# New Life for an Old Saw – Advanced Filing and Restoration



## Bob Smalser (27 Sep 2007)

A 6-dollar flea market beater? Yes, but this one is a Disston Acme 120, originally a cabinetmaker’s finish saw tapered and hardened to run without set, and one of Disston’s finest. You can’t buy a new Western hand saw of this quality today at any price. So let’s see if it can be given another lifetime of use in a slightly different form.

Old saws filed so many times their tips resemble pencil-points usually aren’t worth the trouble, as when they get that thin and narrow they are too easily kinked, and this one’s no exception. Restoring this in its original 26-inch length isn’t a good option for it to survive another generation of use. So I’ll shorten it to panel saw length to make it useful again, but that’s not as straightforward as it seems either if the saw is to please the eye and hand. Panel saws had smaller handles than their full-sized counterparts, and their blades were contoured to match their smaller proportions; they weren’t just stubby versions of full-sized saws.

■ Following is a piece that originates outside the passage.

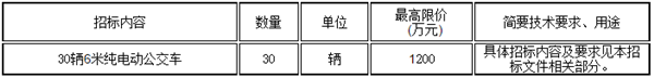 温州交运集团汽车服务有限公司30辆6米纯电动公交车,招标内容及要求如下:

I don’t have a small #120 handle, but I do have an extra Keenkutter panel saw handle and another complete matching saw to use as a pattern. These Keenkutter #88 skewback saws were made by Disston between 1890 and 1926 using #16 handles and probably P26 blades from the Harvey Peace factory they bought out, for which Disston offered custom etching in hardware store logos like EC Simmons’. Mr. Simmons knew his saws. These are not only excellent, taper ground saws, their profile pleases my eye. I scribe the new profile onto the #120 blade, and use the bevel gage to duplicate the tip angle. I’ll make the #120 a 22-inch saw based on the amount of blade remaining.






Saw steel grinds quickly and relatively cool using a coarse, 8” wheel, with the occasional water dip as the wheel gets close enough to burn what will be the final profile. Here I don’t just grind up to the scribed line, I take the line. You can also use various shears and metal cutting saws, but grinding doesn’t distort or bend the blade.






I fair the curves by drawfiling using 2d-cut and smoother 1st-cut single-cut files. This is done largely by feel. When I feel a bump I alter the file angle for a more aggressive cut, and finish using my finest single-cut file straight across. The files are chalked and frequently brushed both to keep them from clogging and to prevent stray filings from causing scratches during finishing. I rarely use chalk when jointing and sharpening however, as it often masks what I’m trying to see.






After fairing I ease the sharp edges slightly using the fine file in the drawfile mode.






I fit the new handle and drill the bolt holes using a cobalt bit. The easiest method is to mount the handle and carefully drill through it, indexing each fresh hole with a bolt to insure alignment is maintained. Clamp the saw down during drill extraction to prevent it riding up on the drill.






On the anvil using light and heavy hammers, I remove the saw’s tension, hammer out the kink and retension the entire blade as I’ve detailed in previous articles on permanently removing bends and lumps in saw blades. Saws straightened in a vise, by bending over the knee or even by hammering flat won’t remain straight for long without stretching the edge and back to restore the tension put into the blade when it was manufactured. This is especially critical in narrow saws filed past the areas originally tensioned.






This blade isn’t heavily rusted and isn’t pitted, so I forego phosphoric acid to seal the pits and merely clean the steel using 4 grades of Scotchbrite in sequence lubed with mineral spirits.

Continued….


----------



## Bob Smalser (27 Sep 2007)

Sanding is followed by a green rouge buff against the direction of sanding to restore some shine.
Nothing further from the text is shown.